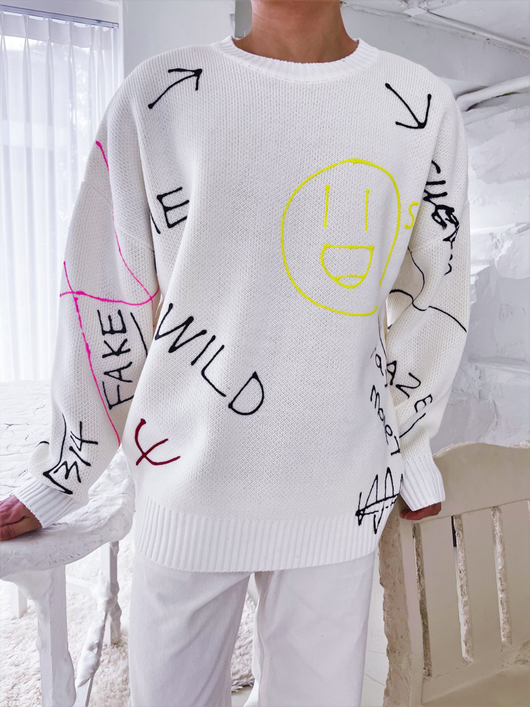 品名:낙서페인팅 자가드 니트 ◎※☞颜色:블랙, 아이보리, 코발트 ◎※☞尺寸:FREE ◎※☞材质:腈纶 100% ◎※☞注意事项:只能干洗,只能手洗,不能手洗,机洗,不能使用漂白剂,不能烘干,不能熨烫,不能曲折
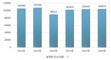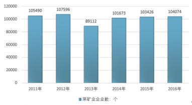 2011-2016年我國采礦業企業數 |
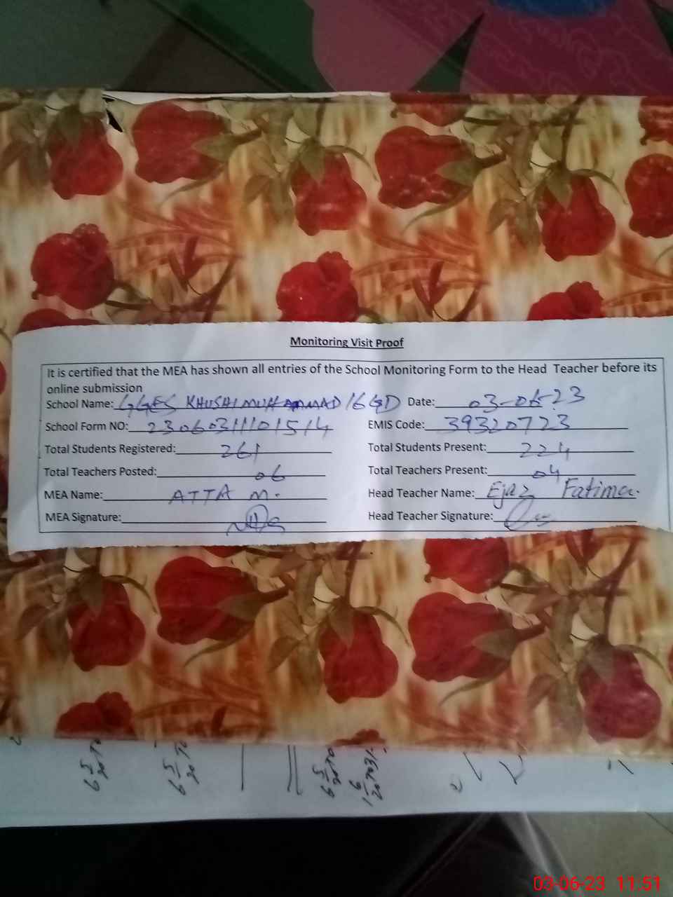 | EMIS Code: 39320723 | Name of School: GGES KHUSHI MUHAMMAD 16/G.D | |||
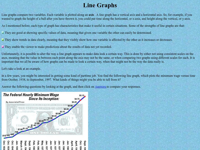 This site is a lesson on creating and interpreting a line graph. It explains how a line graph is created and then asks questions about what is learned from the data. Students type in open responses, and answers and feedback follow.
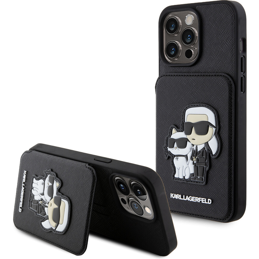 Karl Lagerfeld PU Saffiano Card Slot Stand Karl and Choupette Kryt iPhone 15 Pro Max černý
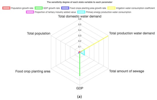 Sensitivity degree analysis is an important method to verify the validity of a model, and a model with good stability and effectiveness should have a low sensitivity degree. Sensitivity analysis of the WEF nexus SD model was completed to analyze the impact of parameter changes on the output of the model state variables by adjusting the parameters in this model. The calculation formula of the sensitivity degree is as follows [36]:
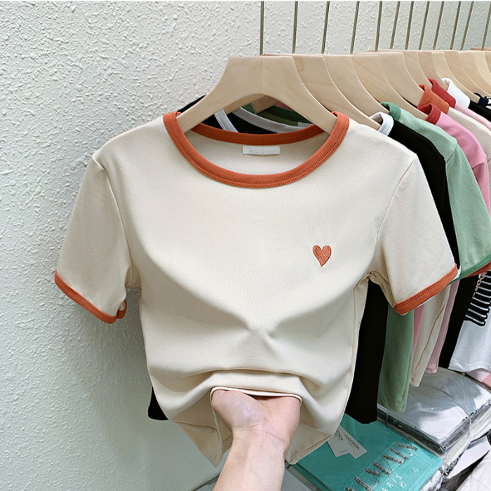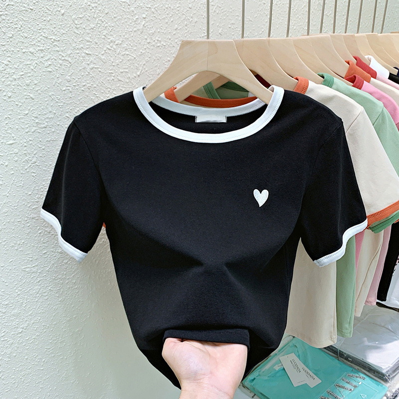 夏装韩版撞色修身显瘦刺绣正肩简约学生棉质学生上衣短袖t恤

* * *

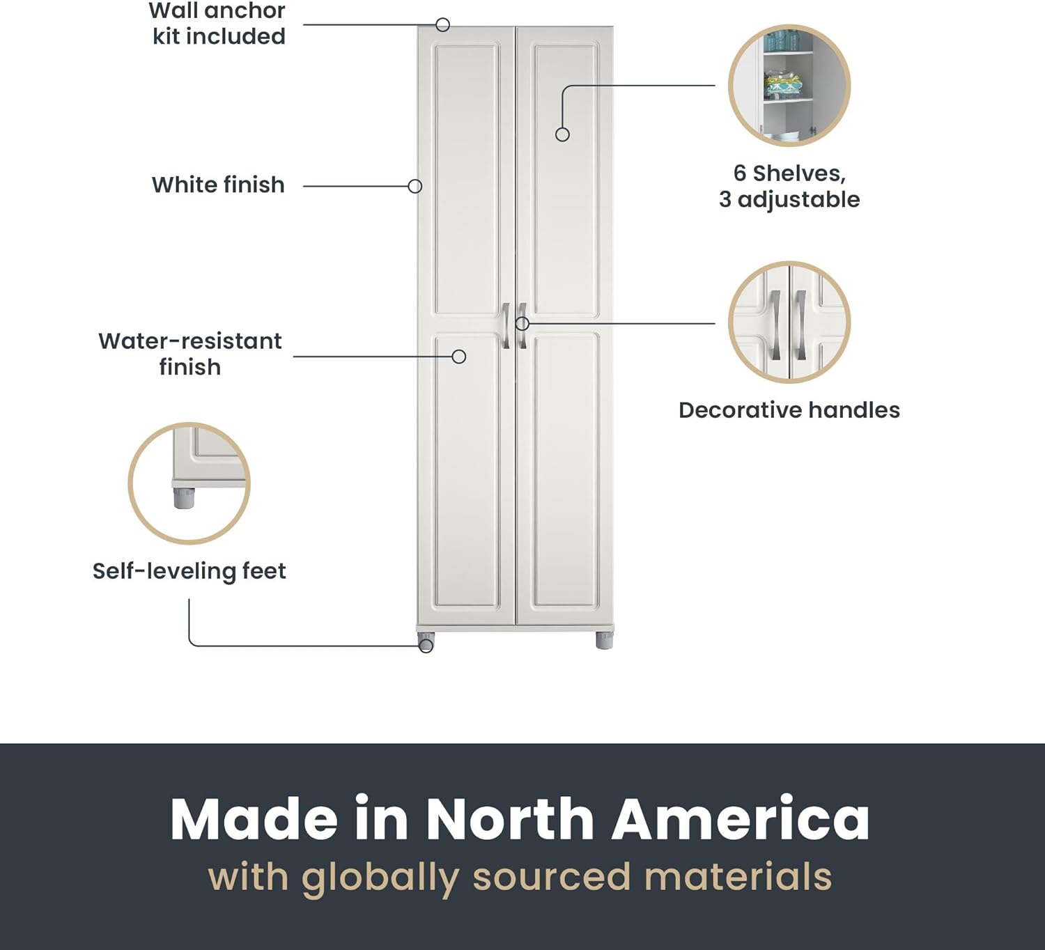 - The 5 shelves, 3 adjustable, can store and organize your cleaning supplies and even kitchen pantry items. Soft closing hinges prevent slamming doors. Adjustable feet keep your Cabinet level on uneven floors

[WHAT YOU ARE ASKED TO DO]
Look above for the line with "Sensitivity degree analysis" and the line with "夏装韩版撞色修身显瘦刺绣正肩简约学生棉质学生上衣短袖t恤", then restate exactly those two lines and all lines between them, with no pictures.

[ANSWER SECTION]
 Sensitivity degree analysis is an important method to verify the validity of a model, and a model with good stability and effectiveness should have a low sensitivity degree. Sensitivity analysis of the WEF nexus SD model was completed to analyze the impact of parameter changes on the output of the model state variables by adjusting the parameters in this model. The calculation formula of the sensitivity degree is as follows [36]:
 夏装韩版撞色修身显瘦刺绣正肩简约学生棉质学生上衣短袖t恤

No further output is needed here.